What cursed madness have you hit that spits out UTF-32 under normal conditions?! That can only be a bug - UTF-32/UCS-4 never saw external use, and has only ever been used for in-memory fixed-width character representation, e.g. runes in Go.

You never have to worry about whether you're dealing with ASCII vs. UTF-8, but rather if you're dealing with UTF-8 vs. ISO-8859-1, or worse, Shift JIS or similar.

vbezhenar · 2024-10-29T10:55:28 1730199328

I think that I hit that with Java:

    % java -Dfile.encoding=UTF-32 Test | hexdump -C
    00000000  00 00 00 48 00 00 00 65  00 00 00 6c 00 00 00 6c  |...H...e...l...l|
    00000010  00 00 00 6f 00 00 00 2c  00 00 00 20 00 00 00 77  |...o...,... ...w|
    00000020  00 00 00 6f 00 00 00 72  00 00 00 6c 00 00 00 64  |...o...r...l...d|
    00000030  00 00 00 0a                                       |....|
    00000034

From quick googling it seems that glibc does not support it, so it should not happen.

Netch · 2024-11-02T11:37:10 1730547430

> it seems that glibc does not support it

`iconv` does, and this is enough in common. Among with tons of eerie EBCDIC/whatever...

Netch · 2024-11-02T11:35:46 1730547346

> That can only be a bug - UTF-32/UCS-4 never saw external use

I regularly use `iconv -t utf-32be | hd` to look what a bizarre sequence is denoting yet another weird symbol like an itchy hedgehog.

And what is a real reason to disallow this?

ezoe · 2024-10-29T09:33:47 1730194427

Don't even assume UTF-something is the only character encoding. There are so many existing character encodings before Unicode. It's still widely used.

oneeyedpigeon · 2024-10-29T10:21:35 1730197295

I think a lot of tools should support json as well as plain text. Probably the latter by default, and the former with a "-o json" or similar option. I'm fine with wc giving me `5`, I'd prefer that to `{ "characters": 5 }`.

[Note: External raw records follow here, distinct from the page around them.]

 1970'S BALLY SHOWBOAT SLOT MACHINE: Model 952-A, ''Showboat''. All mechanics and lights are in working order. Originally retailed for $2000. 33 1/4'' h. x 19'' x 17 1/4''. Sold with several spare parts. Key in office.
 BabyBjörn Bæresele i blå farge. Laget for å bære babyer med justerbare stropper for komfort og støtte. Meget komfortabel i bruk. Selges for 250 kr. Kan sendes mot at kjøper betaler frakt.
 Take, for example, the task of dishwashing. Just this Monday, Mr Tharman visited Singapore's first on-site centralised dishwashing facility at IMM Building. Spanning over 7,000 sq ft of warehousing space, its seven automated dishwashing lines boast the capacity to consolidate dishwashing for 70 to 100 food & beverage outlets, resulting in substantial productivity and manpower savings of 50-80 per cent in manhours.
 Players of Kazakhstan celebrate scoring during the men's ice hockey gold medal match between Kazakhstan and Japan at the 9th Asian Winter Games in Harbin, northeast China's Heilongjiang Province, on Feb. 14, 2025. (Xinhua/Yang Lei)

anal_reactor · 2024-10-29T08:42:07 1730191327

True, but this would be immensely difficult to pull off, because how do you convince other people to write programs that produce actual working JSON?

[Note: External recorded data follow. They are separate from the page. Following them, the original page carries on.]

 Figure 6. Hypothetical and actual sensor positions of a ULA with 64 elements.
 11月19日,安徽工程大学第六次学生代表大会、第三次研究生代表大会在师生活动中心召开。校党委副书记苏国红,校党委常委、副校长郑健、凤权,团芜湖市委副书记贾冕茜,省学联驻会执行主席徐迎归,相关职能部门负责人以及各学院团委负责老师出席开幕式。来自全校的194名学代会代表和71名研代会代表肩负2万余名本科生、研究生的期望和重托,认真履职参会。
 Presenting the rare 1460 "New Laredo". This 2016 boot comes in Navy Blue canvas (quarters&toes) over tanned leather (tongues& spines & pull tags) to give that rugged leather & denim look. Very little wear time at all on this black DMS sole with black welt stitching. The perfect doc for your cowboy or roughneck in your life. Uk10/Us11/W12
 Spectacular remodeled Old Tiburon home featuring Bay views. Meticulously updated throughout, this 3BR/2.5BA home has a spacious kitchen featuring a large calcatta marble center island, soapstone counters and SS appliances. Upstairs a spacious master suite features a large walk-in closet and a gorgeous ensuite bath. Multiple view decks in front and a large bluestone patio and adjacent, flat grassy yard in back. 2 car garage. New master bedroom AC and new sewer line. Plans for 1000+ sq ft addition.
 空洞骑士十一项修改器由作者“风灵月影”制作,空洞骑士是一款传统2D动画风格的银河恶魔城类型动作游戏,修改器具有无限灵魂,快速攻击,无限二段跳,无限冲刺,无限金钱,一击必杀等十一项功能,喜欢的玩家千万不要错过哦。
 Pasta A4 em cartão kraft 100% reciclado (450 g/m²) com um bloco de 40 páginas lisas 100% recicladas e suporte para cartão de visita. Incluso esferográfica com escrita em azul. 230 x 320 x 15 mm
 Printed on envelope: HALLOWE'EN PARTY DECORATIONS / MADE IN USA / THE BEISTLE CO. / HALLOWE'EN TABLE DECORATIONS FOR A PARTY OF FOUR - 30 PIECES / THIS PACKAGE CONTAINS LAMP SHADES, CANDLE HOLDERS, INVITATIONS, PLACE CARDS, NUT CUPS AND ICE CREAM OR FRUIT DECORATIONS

nly · 2024-10-29T09:33:58 1730194438

The primary purpose of command line program output is to convey information to a human, not to other programs.

Command line scripting is supposed to be adhoc and hack.

consteval · 2024-10-29T13:38:57 1730209137

There are exchange formats that are well-defined enough to be useful to many computers while also being readable enough to be traversed by human eyes. There's no reason to everything ad-hoc, you don't get much by that. You also control the shell itself - there's no reason you can't display object representations in a pretty way.

mdavid626 · 2024-10-29T09:39:23 1730194763

I disagree that it supposed to be adhoc and hack. Look at PowerShell.

anthk · 2024-10-29T12:54:36 1730206476

That under limited OSes such as DOS. Under Unix, piping has been the philosophy.

matrss · 2024-10-29T11:11:03 1730200263

JSON itself is bad for a streaming interface, as is common with CLI applications. You can't easily consume a JSON array without first reading it in its entirety. JSONL would be a better fit.

But then, how well would it work for ad-hoc usage, which is probably one of the biggest uses of shells?

pif · 2024-10-29T09:57:16 1730195836

> The main problem is using text as a common format between different applications.

If you can't get the immensity of the cleverness of Unix foundations, you should not talk about them.

That idea is what made it possible for you to type that sentence in the first place.